Just a couple of months ago in Slovakia, which has been one of the most pro-Ukrainian countries in all of Europe, it's a neighbor of Ukraine.
A politician who used to be the prime minister of Slovakia ran almost entirely on a platform of stopping sending money to Ukraine, and he won against the political establishment.
So I think part of it is a little bit of kind of, you know, the same thing that drove Brexit, this sort of anger in general with the entire political elite, the EU elite that's based in Brussels.
And one of their defining policies ends immigration.

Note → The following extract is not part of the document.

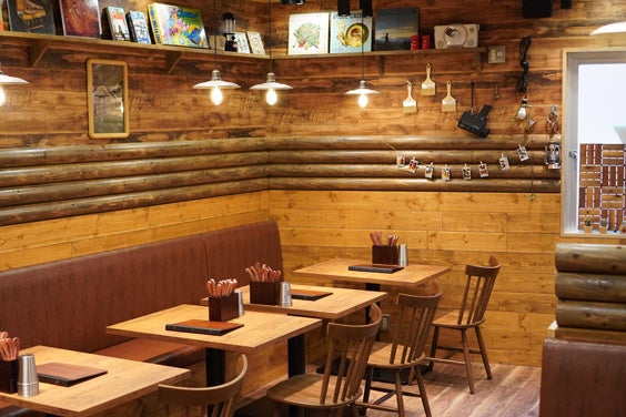 山小屋風の店内から外を見渡せば、街を行きかう人々はまるでせわしく険しい山を登っているよう。そんな風景を目の前に、クオリティにこだわった厚切りレアステーキと、温かみのある空間で疲れをいやし、日々の元気をチャージしてもらいたいと誕生したのが『ステーキロッヂ』です。

Another is sending money to Ukraine.
Another is now sending money to Israel.
And so how much of this is just kind of a generalized anger toward the political establishment that hates people like Victor Orban in Hungary, Geert Wilders in the Netherlands.
They're going to do everything possible to ensure he doesn't become prime minister of the Netherlands despite that getting the most seats for his party.
I think it's hard to say.
I personally think it's a more kind of generalized anger with the establishment, but that's an example.
You know, Geert Wilders is saying we want the de-Islamization of the Netherlands.
We want to close mosques.
Basically talking about mass deportation.
I can't imagine that happening in Western Europe for quite a while because the Netherlands is part of the EU.
You have a very powerful EU that's largely run by France and Germany.
Germany, of course, under Angela Merkel took in almost a million Syrian refugees.
That became very unpopular.
And they've limited what Orban can do.
At the end of the day, this is what I guess the point I keep going back to is you can put in people like Geert Wilders.
You can put in people like Javier Malay in Argentina.
But if they don't have the means to escape dependence upon the EU, and part of Geert Wilder's platform is to leave the EU the way the UK did, because he knows that if they're part of the EU, they're very, very limited in what they can do.
All these EU countries have given up a lot of their sovereignty to Brussels.
That unless you're prepared to not just vent and say shocking things that, you know, horrify liberals in the media, but have a plan to really carry through with these policies, I do think people are going to end up disappointed more so than they are going to be excited.
Well, yeah, and I think so too, because there's a really important thing that happened just the other day in Ireland.
Ireland, of course, is a great example for what replacement migration could look like.
And even saying replacement migration is somewhat controversial today for reasons I'm still unsure because even Biden himself in 2015 discussed the idea of replacement and bringing in and making white populations minorities.
So these things are discussed by current world leaders, current global decision makers.
But of course, that term replacement, I know, is extremely sensitive.
Glenn, do you think that that's an accurate representation to call this replacement ideology, replacement migration, or as media matters, right-wing watch and these other Soros and NGO funded groups correct that this is a dog whistle for white supremacy, anti-black violence, et cetera?